Grow Your Garden with Beneficial Insects

"All these sounds, the crowing of cocks, the baying of dogs, and the hum of insects at noon, are the evidence of nature's health or sound state." - Henry David Thoreau

As a gardener, there's nothing more frustrating than finding a prized vegetable crop being devoured by insect pests. A couple of hornworms can level a row of tomatoes overnight. Fortunately, every pest has a predator, and we can use that natural food chain to our advantage. A sufficient number of beneficial insects will keep garden pests to manageable numbers.

Yet more than one organic gardener has opened a box of ladybugs to employ as natural garden pest control, only to watch a bright red-orange cloud fly away into the neighbor's garden! Beneficial insects are the most environmentally-friendly way to prevent slugs, bugs, and caterpillars from destroying the garden, but first you have to get them to hang around.

When you begin to encourage beneficial insects there may be a brief surge in the plant eaters, but the predator populations will expand to control them. Be patient. You have to give the good bugs time to find the smorgasbord. Rinse off early infestations off with a strong spray of water, or pick them off by hand. For Japanese beetles hold a bucket of soapy water and in the early part of the day the beetles can be knocked off plants into the bucket where they will drown.

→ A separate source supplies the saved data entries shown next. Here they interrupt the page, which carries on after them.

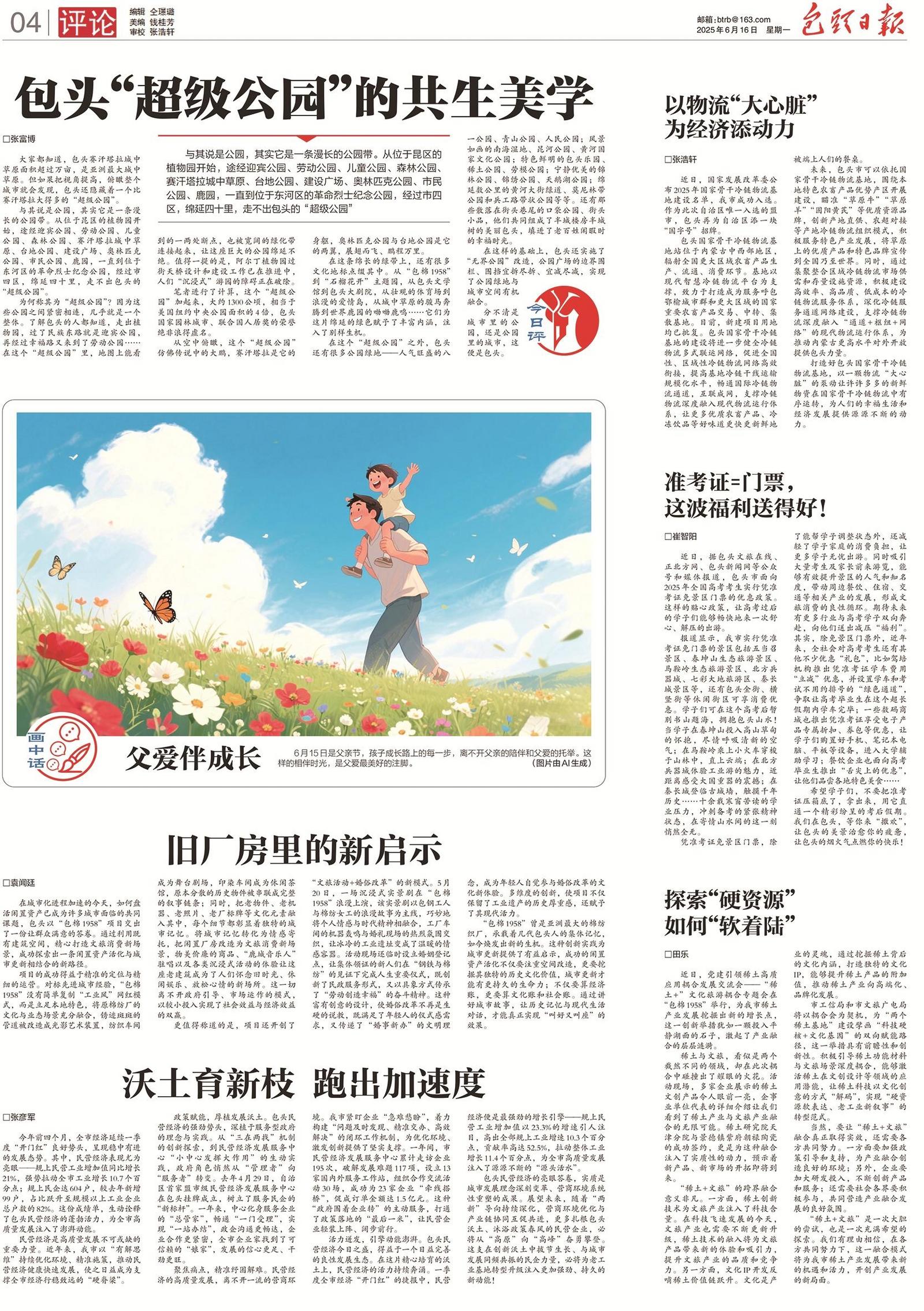 这座公园的独特之处在于“无界”与“共生”。通过拆除围栏,公园与城市街道有机融合,形成“半城楼房半城树”的格局。绿色之中,更穿插着“包棉1958”、大剧院、爱情岛等人文景观,自然生态与城市记忆在此交织,为绵延的绿色注入了丰富内涵与别样生机。这不仅是生态建设的成就,更是城市发展理念的体现。它让公园不再是城市的点缀,而是与城市空间呼吸与共的有机整体。在这里,人们已分不清是城在园中,还是园在城里——这份浑然一体的共生之美,正是包头美好人居环境的生动诠释。(2025年6月16日 4版)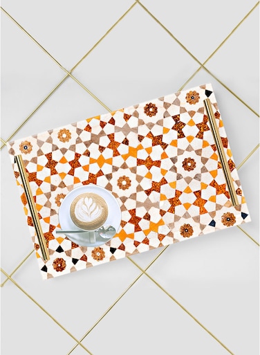 Lowha Decorative Acrylic Serving Tray With Gold Metal Handles And Inlay And Carvings Design 20x30 cm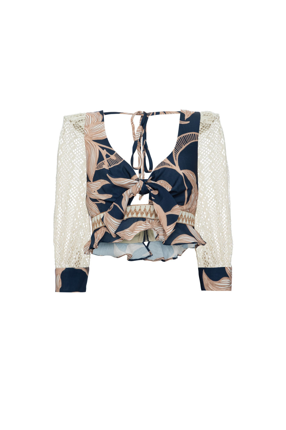 TOP MANGA TELA STARGAZER AZUL MARINHO

Remember, pesticides can't distinguish the good guys from the bad guys and kills them all. Then you have eliminated nature’s defenses and a garden without natural predators means a world of insects gone wild.

Years ago when I bought my first home I stock piled a wide selection of insecticides… malathion, Bug-B Gon, Home Defense, Sevin, Flying Insect Killer, etc. I thought (and was told) that they were just part of the must-haves for a home-owner. Then some years ago one fine October day I took them all to Wilton’s Household Hazardous Waste collection and surrendered them to the poisons section. I quickly realized that I have no insect problem and that I never had an insect problem.

So, choose to work with nature, not poison it. Plant an Insectary in the spring to invite insects to your garden. An insectary is just an area dedicated to growing plants these bugs love. The right variety of plants will attract beneficial bugs to the neighborhood. It can be a separate landscape bed right near your garden, or several small plantings interspersed among the veggies.

Plant some early bloomers to attract beneficial insects early in the season, even before your gardens are full of pests. Many of the important beneficial insects, like hover flies and lacewings, feed on pollen and nectar as adults. By providing flowers early in the season, you will invite these insects into your garden in time to unleash their predatory offspring on your aphids and mites.

To further speed the process along you can order beneficials from companies such as Gardens Alive or GreenMethods.com. Handle and release them according to the directions provided by the source.

The insectary should include plants of varied heights. Low growing herbs like thyme and oregano give ground beetles a place to hide. Taller flowers, like daisies or cosmos, beckon to hover flies and parasitic wasps looking for nectar. Praying mantids will hide between the plants in a well-planted insectary.

Umbels and composite flowers provide the most attractive sources of food to most beneficial insects. The tiny, clustered flowers of umbels offer exposed nectar and pollen to smaller pollinators like parasitic wasps. This group includes yarrow, dill, fennel, and wild carrots. Composites attract the larger pollinators, like robber flies and predatory wasps. Composite flowers include many garden favorites, like zinnias, and sunflowers.

A shout out to our favorite beneficial insects: Green lacewing, lady bugs, hoverflies, tachnid flies, hunting and parasitic wasps, ground beetles, dragon flies, honey bees, and spiders.

There are many plants to include in your insectary, including: Queen Anne’s lace, fennel, yarrow, coreopsis, parsley, sunflowers, tansy, alyssum, dill, cosmos, and pincushion. Members of the Umbelliferae family are excellent insectary plants. Fennel, angelica, coriander, dill, and wild carrot all produce the tiny flowers required by parasitoid wasps. Composite flowers (daisy and chamomile) and mints (spearmint, peppermint, or catnip) will attract predatory wasps (they do not sting), hover flies, and robber flies.

Finally, some tips to remember: Tiny flowers produced in large quantity are much more valuable than a single, large bloom. Provide water for insects. Like all animals, insects need water to live.